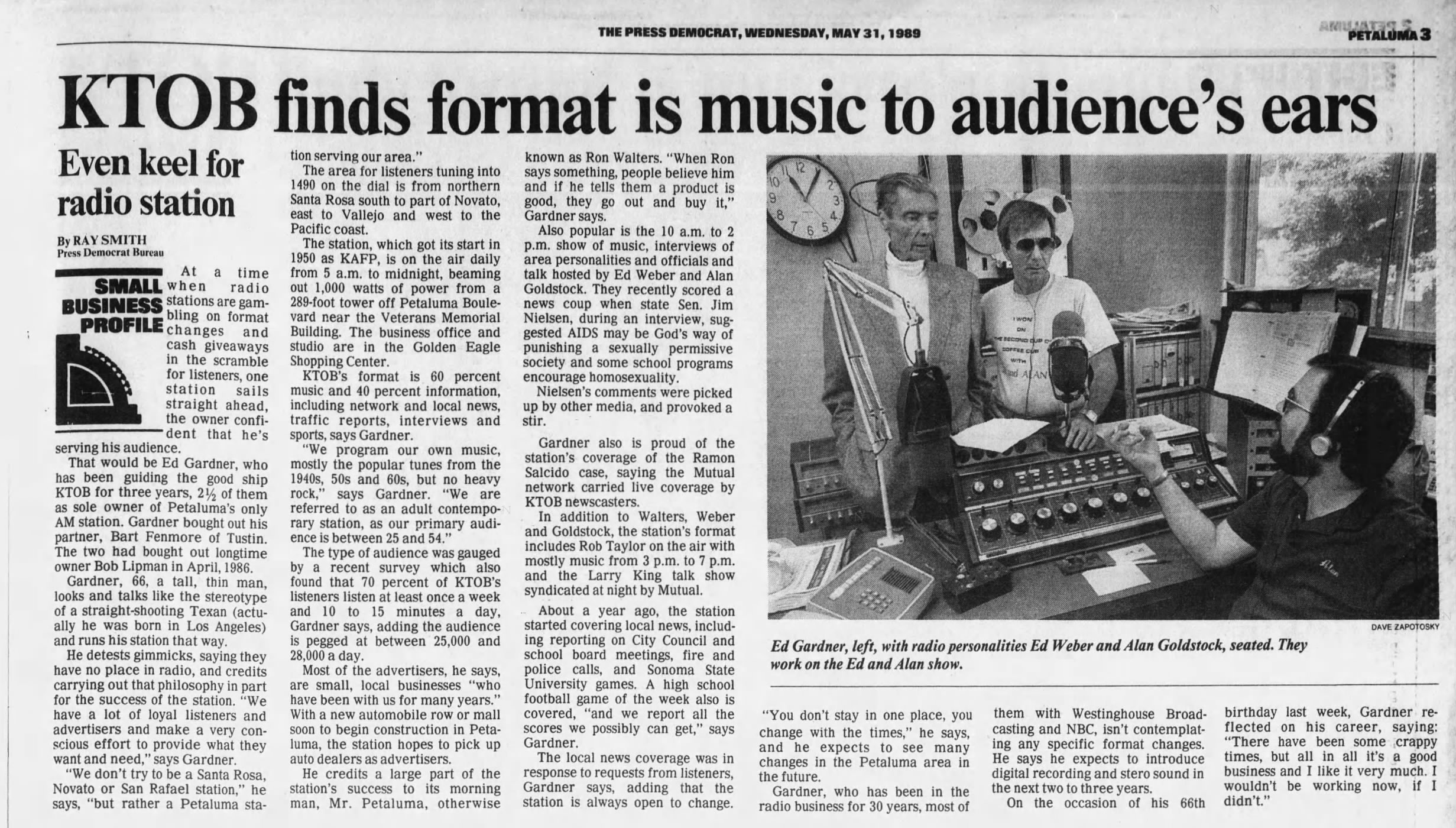 In July 1989, just weeks after a laudatory article about KTOB in The Press Democrat, Ed Gardner died. He’d been battling cancer, and his death presaged another challenging chapter in KTOB’s history.
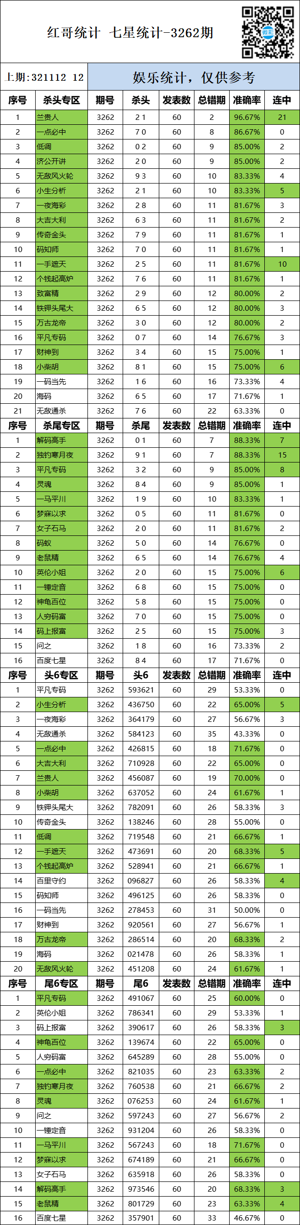 3262期:红哥统计 发表于:2025-11-08 11:30:58 浏览次数:390 上一篇:3262期:二爹统计 下一篇:3262期:二爹统计 【主攻头】 范围码15红10 点播26029期 【春哥打奖】 范围码15红10 点播26029期 【金山银山】 范围码15红9 点播26029期 排列五杀码荣誉榜
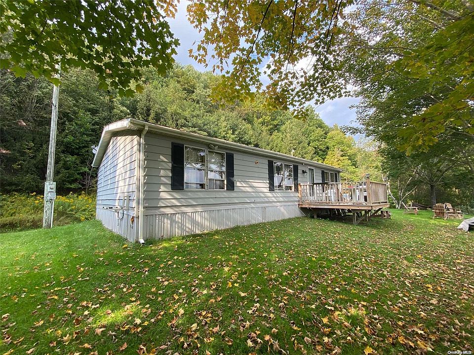 Welcome to this 3 bedroom, 2 bathroom 1,150sf manufactured home (Skyline 1988) on 29 acres in the town of Kortright. Located at the end of a private road (ROW) the home is situated a cleared area lined with pine trees with wooded acrage behind. Interior has open floor plan with living room, dining area, pellet stove, kitchen, breakfast bar, pantry/laundry room (hookup), primary bedroom with private full bathroom, 2 bedrooms and a hallway bath. Spectacular year-round views from the deck. Electric baseboard heat + pellet stove. 12 minutes to supermarkets, shops, restaurants in Delhi or Stamford. Short drive to Oneonta, Cooperstown and Windham, Hunter, Belleayre, Plattekill Ski Mountains. Taxes are county/town/fire + school.
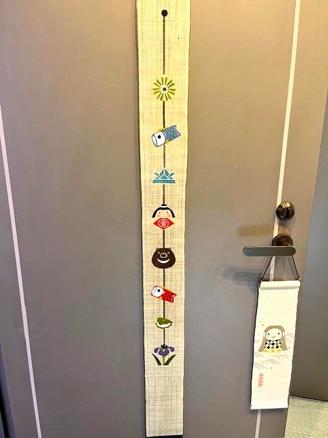 満開だった桜もそろそろ散り始めるところがチラホラという事で、端午の節句のタペストリーに替えました。ご来店いただいた際に入り口で皆様を金太郎さんやクマさん、こいのぼり達がお迎えいたします。
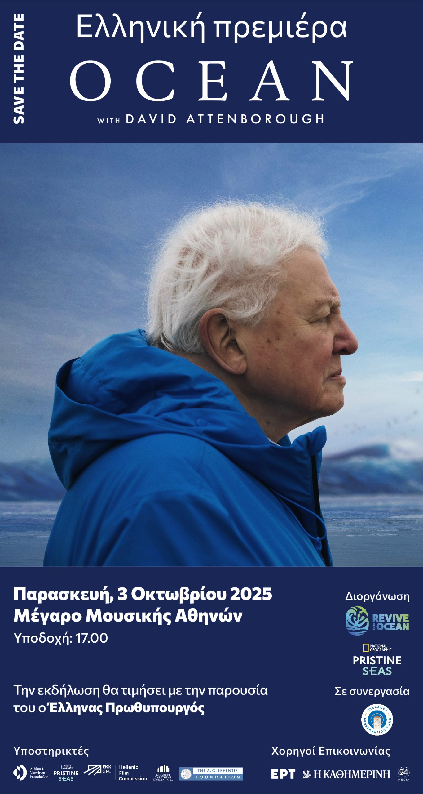 Η ελληνική πρεμιέρα του Ocean with David Attenborough διοργανώνεται από τους Revive Our Ocean και National Geographic Pristine Seas, σε συνεργασία με το Cyclades Preservation Fund (CPF) (το οποίο είναι και μέλος της πρωτοβουλίας ‘’WeSeaYou’’). Την επίσημη έναρξη θα τιμήσει με την παρουσία του ο Έλληνας Πρωθυπουργός.
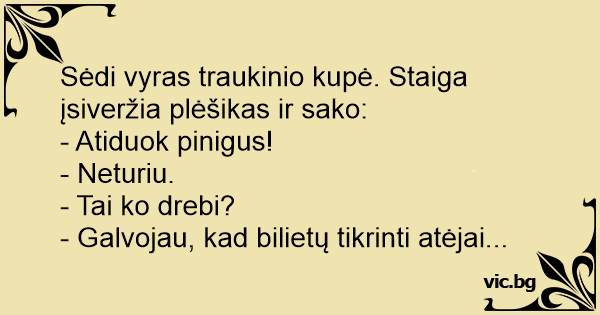 Sėdi vyras traukinio kupė. Staiga įsiveržia plėšikas ir sako:
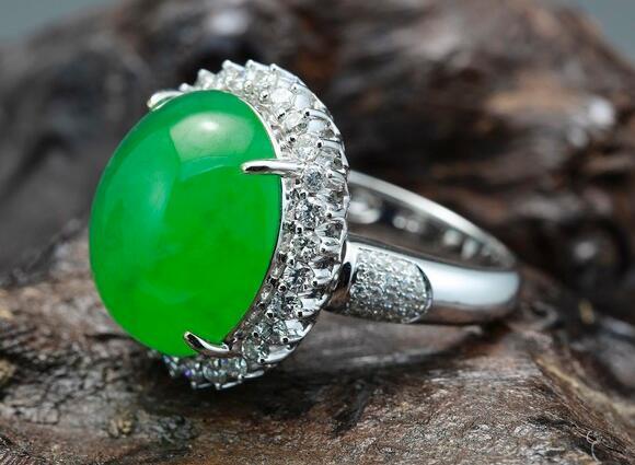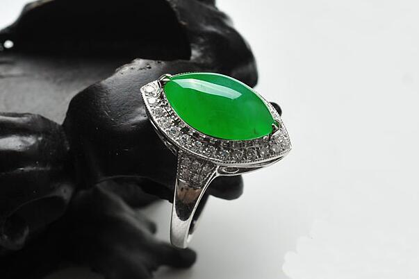镶嵌式翡翠戒指主要分成蛋面形、梨形和怀古形马鞍面的翡翠戒面这三种。因这些类型的翡翠戒面显露较多,因此能愈加真切的发觉翡翠的种色,又因为镶嵌金钻等,在佩戴的时候会闪闪发亮,让人看上去觉得雍容、华贵、沉稳。镶嵌式戒指对翡翠的技术有着极其高的要求,必须要有精工细作的技术,才能够让翡翠和其它珠宝和谐而靓丽,互相生辉。
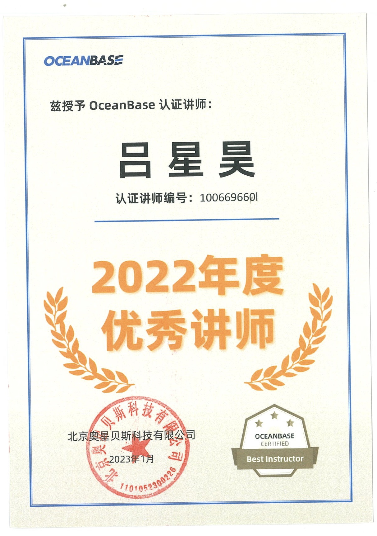OceanBase 认证讲师 OBCI Oracle认证OCM讲师、达梦认证讲师DM8-DCI
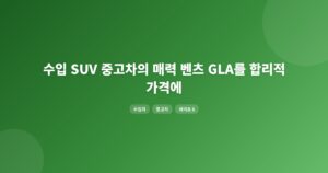 수입차 가격 하락으로 중고차 시장에서 벤츠 GLA를 합리적 가격에 구매할 수 있어요. 세이프 6 보증 프로그램으로 초기 수리 부담도 줄일 수 있거든요.

• _Prompt_
Both the line above containing "Sėdi vyras traukinio" and the line containing "OceanBase 认证讲师 OBCI" belong in the copy, along with every line between them; print these exactly and omit the pictures.

• _Solution to the problem_
 Sėdi vyras traukinio kupė. Staiga įsiveržia plėšikas ir sako:
镶嵌式翡翠戒指主要分成蛋面形、梨形和怀古形马鞍面的翡翠戒面这三种。因这些类型的翡翠戒面显露较多,因此能愈加真切的发觉翡翠的种色,又因为镶嵌金钻等,在佩戴的时候会闪闪发亮,让人看上去觉得雍容、华贵、沉稳。镶嵌式戒指对翡翠的技术有着极其高的要求,必须要有精工细作的技术,才能够让翡翠和其它珠宝和谐而靓丽,互相生辉。
OceanBase 认证讲师 OBCI Oracle认证OCM讲师、达梦认证讲师DM8-DCI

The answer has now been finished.